- GIVEN INFORMATION:
== Segment start ==
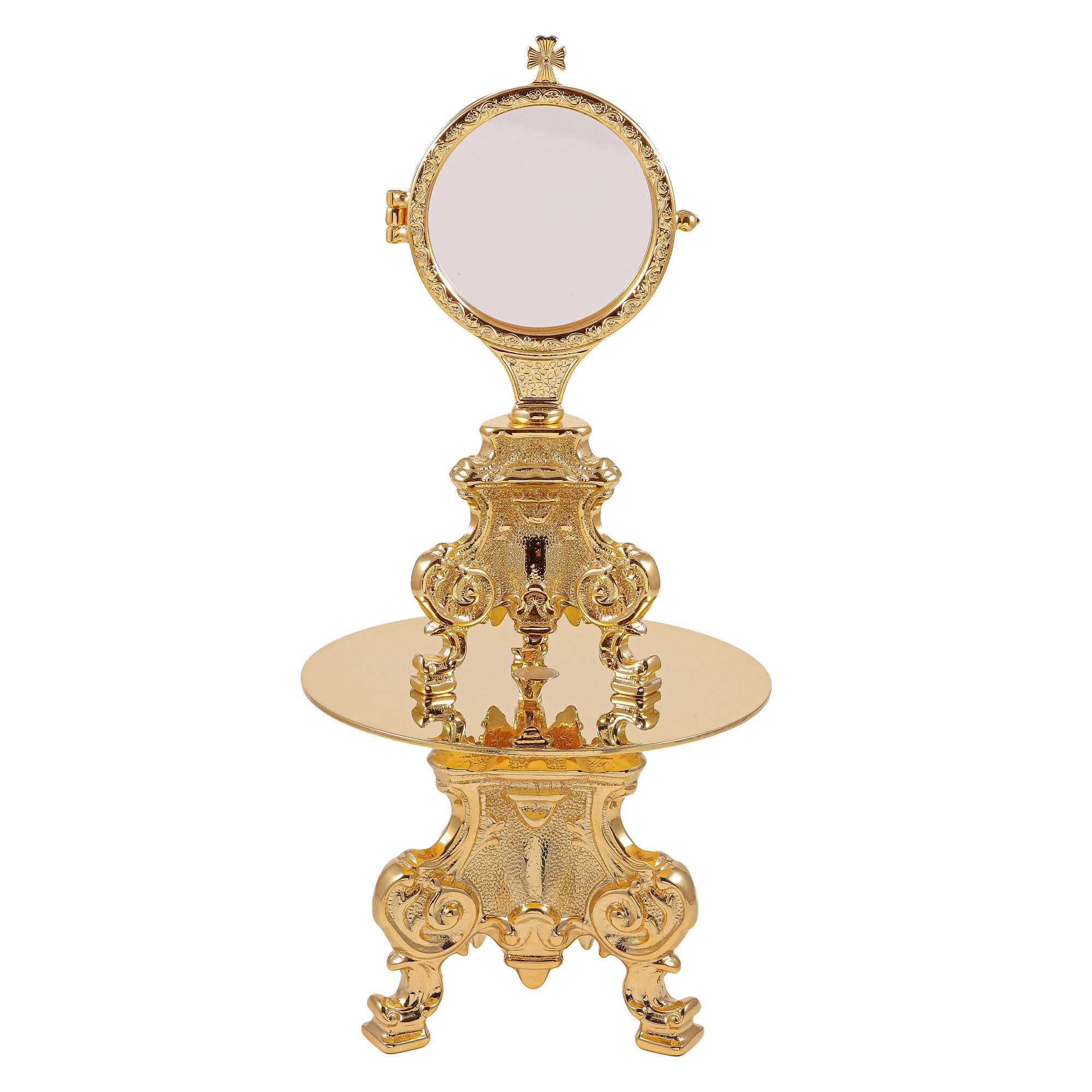 Tronetto per teca da esposizione con base Rococò e piatto in ottone dorato .
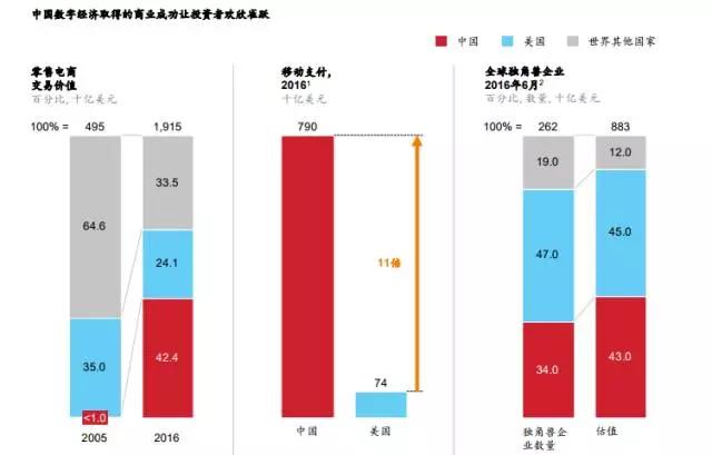 中国有全球最大的电子商务市场,占据了全球零售电商40%以上的交易额;在自动驾驶汽车、3D打印、机器人、无人机和人工智能等领域,风险投资规模位列全球三甲;全世界1/3的独角兽企业(估值超过10亿美元的创业公司)都来自中国;中国科技企业的运算效率保持着世界纪录。
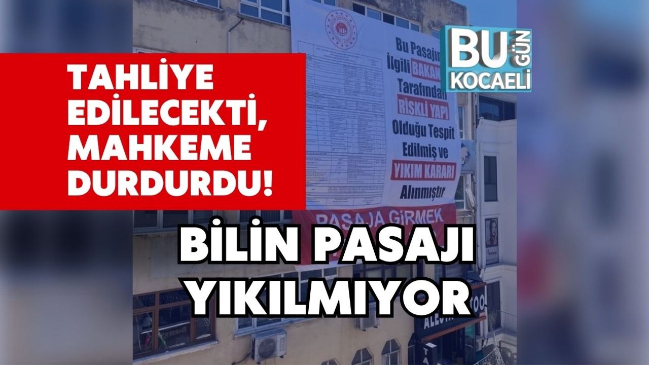 Riskli yapı ilan edilen Bilin Pasajı için İzmit Belediyesi, 21 Kasım tarihinde tahliye kararı almıştı. Ancak bu karara karşı çıkan pasaj esnafı ve bazı hissedarlar, yürütmenin durdurulması için mahkemeye başvurdu. Kocaeli 2. İdare Mahkemesi, başvuruyu ilk incelemede kabul ederek tahliye işleminin durdurulmasına hükmetti. Belediye savunması alınmadan işlem yapılamayacağı belirtilirken, mahkeme belediyeye bilgi ve belge sunması için 15 gün süre tanıdı.
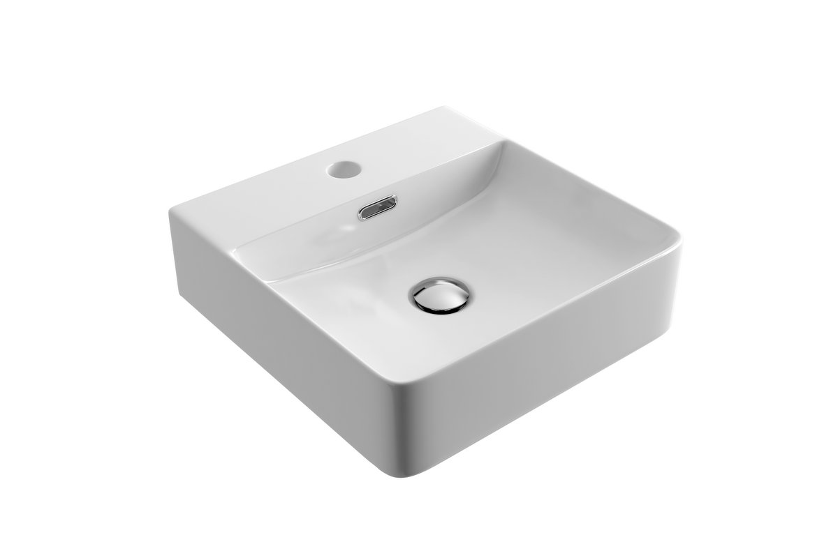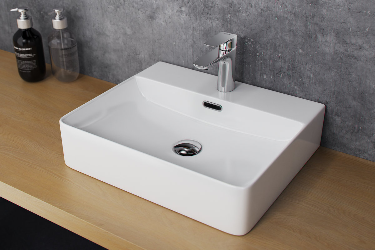 Umywalka nablatowa z przelewem. Dostępna w 3 wariantach wymiarowych.
== Segment end ==
- EXERCISE REQUIREMENTS: All lines from the first in the listing above to the line containing "中国有全球最大的电子商务市场", inclusive, go in the output exactly as they are; no pictures go in.

- SOLUTION FOR THIS TASK:
 Tronetto per teca da esposizione con base Rococò e piatto in ottone dorato .
 中国有全球最大的电子商务市场,占据了全球零售电商40%以上的交易额;在自动驾驶汽车、3D打印、机器人、无人机和人工智能等领域,风险投资规模位列全球三甲;全世界1/3的独角兽企业(估值超过10亿美元的创业公司)都来自中国;中国科技企业的运算效率保持着世界纪录。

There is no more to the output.